I want to connect to postgres db using Dask where the database is behind an SSH tunnel. While there are methods to create SSH tunnels in Python, I haven't found a straightforward way to integrate this with Dask's connection mechanisms.
One potential solution is to locally port forward the database connection and then connect to localhost:port, where the tunnel is established. However, I'm uncertain about how this approach will function within a Dask cluster. Since the SSH tunnel is created on the node where the tunnel code is executed, it might not be accessible on Dask workers.
I'm currently using the
dd.read_sql_query(query, connection_string)
method for reading SQL queries in Dask. I'm considering whether I need to create the SSH tunnel on each worker node using
client.run(create_ssh_tunnel)
However, I'm unsure about how this will interact with auto-scaling. Specifically, during periods of high load when Dask workers autoscale, will they first create the tunnel on the worker nodes?
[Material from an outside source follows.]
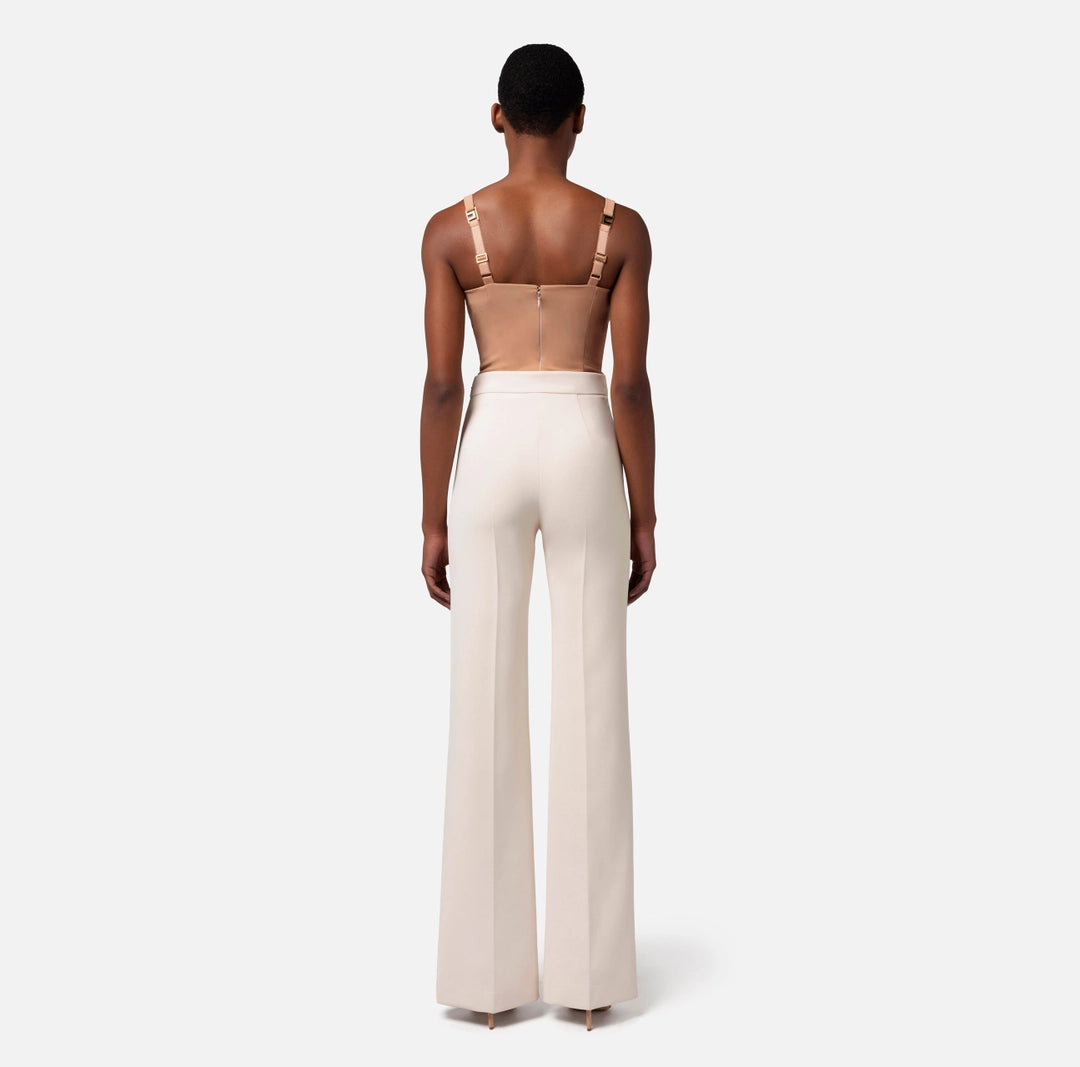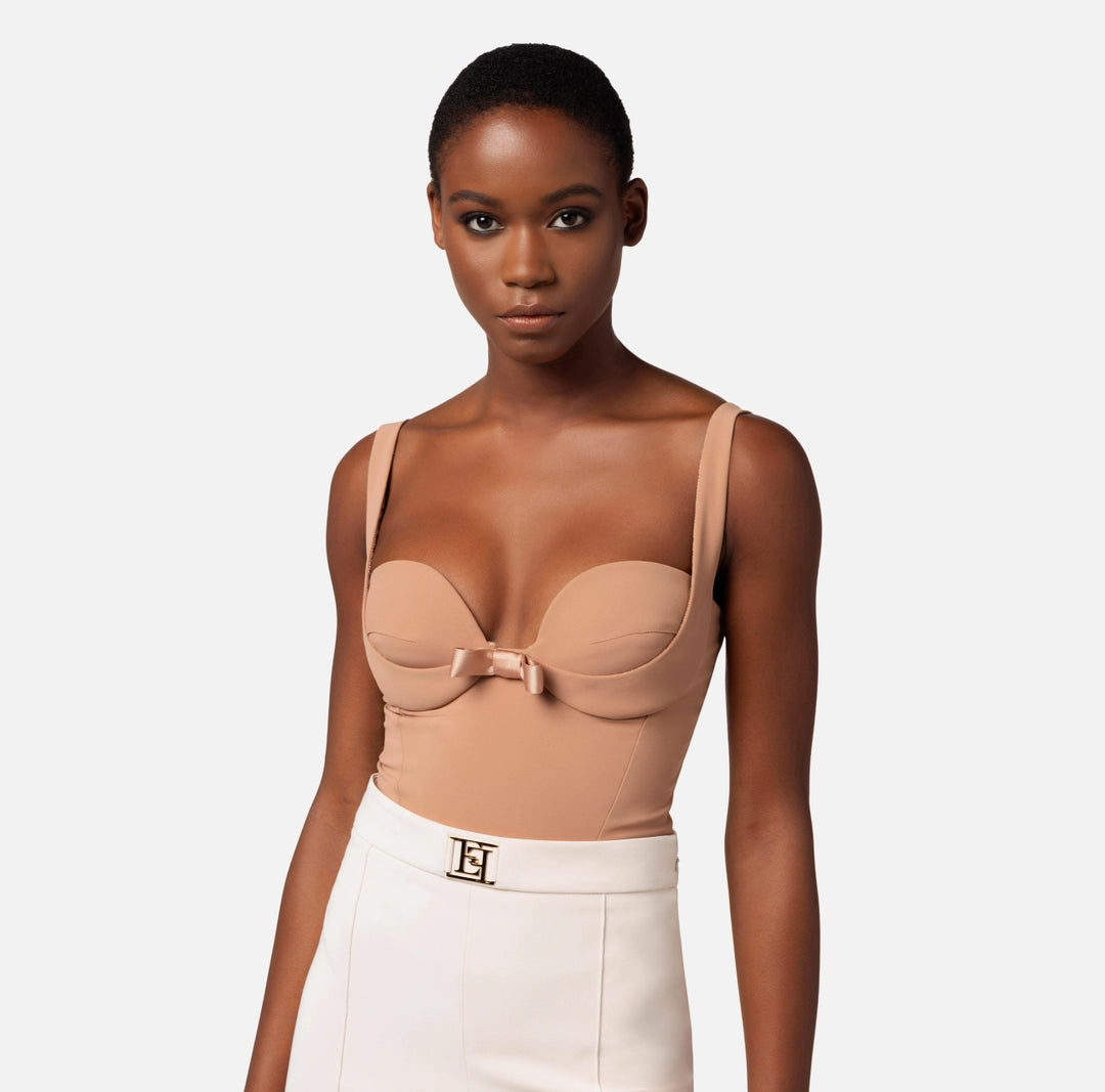 Bodysuit in stretch lightweight crêpe fabric with corset motif cuts that outline the silhouette. It features a bustier top with matching flat shiny satin bow on the neckline.

during periods of high load when Dask workers autoscale, will they first create the tunnel on the worker nodes
No, client.run
happens once when you call it, on the workers that are connected at the time. If you want each worker to do something at launch, you want a Nanny (if using) or Worker plugin, see https://distributed.dask.org/en/stable/plugins.html . You would define a setup() method calling your SSH creation function. You should ensure that you handle possible error cases (clean up on teardown, and cope with the tunnel already being open).
Minimal example:
class WorkerSSH(WorkerPlugin):
def setup(self, worker):
create_ssh_tunnel()
plugin = WorkerSSH(logging)
client.register_plugin(plugin)